[Items listed in a dataset]
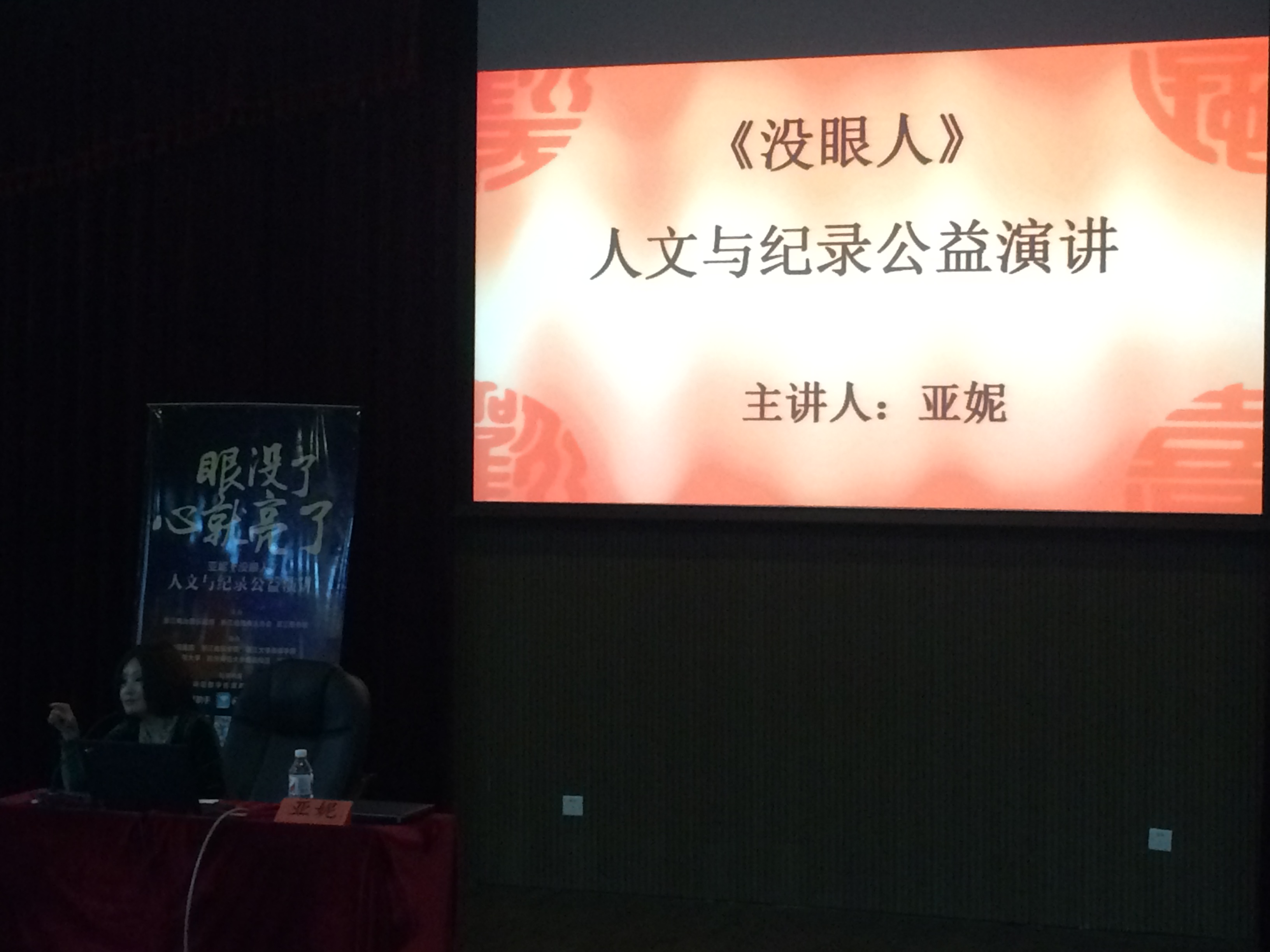 10月21日下午14点,由浙江电台音乐调频、浙江残疾人协会及浙江图书馆协会主办,欧美色情 承办的《没眼人》人文与纪录公益演讲之杭州师范大学专场,在恕园23号楼弘艺厅举行。集主持、编导、制片人于一身的全能型电视节目主持人亚妮是此次公益演讲的主讲人。
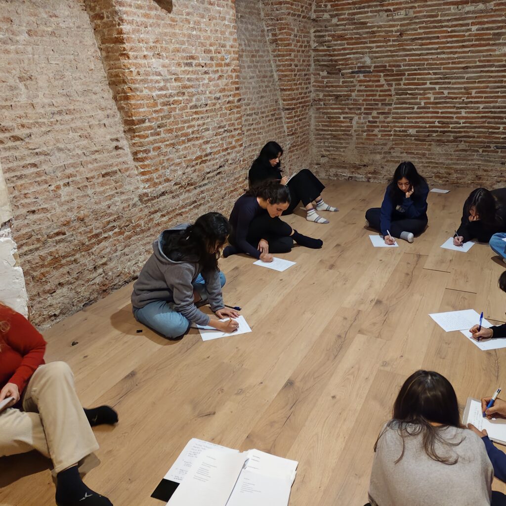 Este taller promueve la reunión entre mujeres y la visibilidad de la poesía de mujeres de la Comunidad de Madrid a través de encuentros. Para ello se focaliza en la poesía y la mediación/promoción lectora y poéticas corporales. A partir de la investigación y la exploración de lenguajes surgen interrogantes, imágenes, movimientos, situaciones que amplían posibilidades en las lecturas.
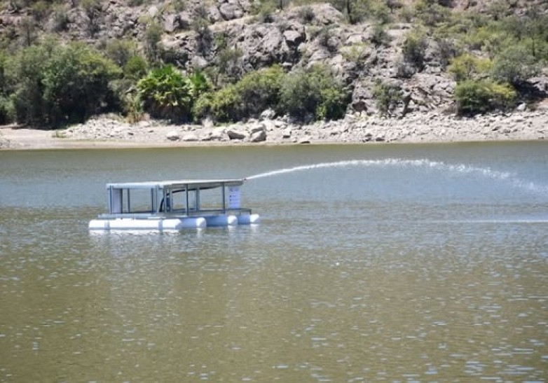 El sistema, alimentado por energía solar, opera de forma autónoma y continua, evitando la necesidad de intervención humana. Este dispositivo representa una solución tecnológica de última generación que no solo mejora la calidad del agua, sino que también establece un modelo sostenible para la gestión de recursos hídricos.
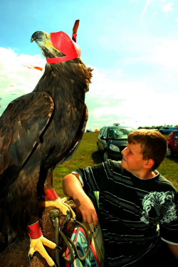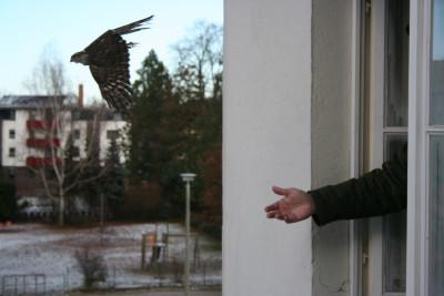 Dieser Seeadler ist 30 Jahre alt. Verwendet wird er um adulte Schreiadler und Fischadler zu fangen. Diese werden beringt und besendert um ihr Zugverhalten zu erforschen. Der Adler ist im Besitz von Herrn Prof. Dr. Bernd- U. Meyburg.
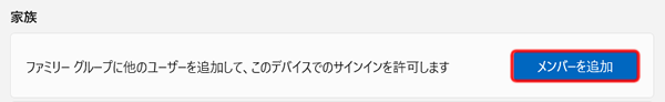 家族メンバーとしてアカウントを追加する場合は、家族メンバーを追加します。

◆ YOUR TASK: Set every record down exactly, omitting pictures.

◆ OUTPUT FOR THIS EXERCISE:
 10月21日下午14点,由浙江电台音乐调频、浙江残疾人协会及浙江图书馆协会主办,欧美色情 承办的《没眼人》人文与纪录公益演讲之杭州师范大学专场,在恕园23号楼弘艺厅举行。集主持、编导、制片人于一身的全能型电视节目主持人亚妮是此次公益演讲的主讲人。
 Este taller promueve la reunión entre mujeres y la visibilidad de la poesía de mujeres de la Comunidad de Madrid a través de encuentros. Para ello se focaliza en la poesía y la mediación/promoción lectora y poéticas corporales. A partir de la investigación y la exploración de lenguajes surgen interrogantes, imágenes, movimientos, situaciones que amplían posibilidades en las lecturas.
 El sistema, alimentado por energía solar, opera de forma autónoma y continua, evitando la necesidad de intervención humana. Este dispositivo representa una solución tecnológica de última generación que no solo mejora la calidad del agua, sino que también establece un modelo sostenible para la gestión de recursos hídricos.
 Dieser Seeadler ist 30 Jahre alt. Verwendet wird er um adulte Schreiadler und Fischadler zu fangen. Diese werden beringt und besendert um ihr Zugverhalten zu erforschen. Der Adler ist im Besitz von Herrn Prof. Dr. Bernd- U. Meyburg.
 家族メンバーとしてアカウントを追加する場合は、家族メンバーを追加します。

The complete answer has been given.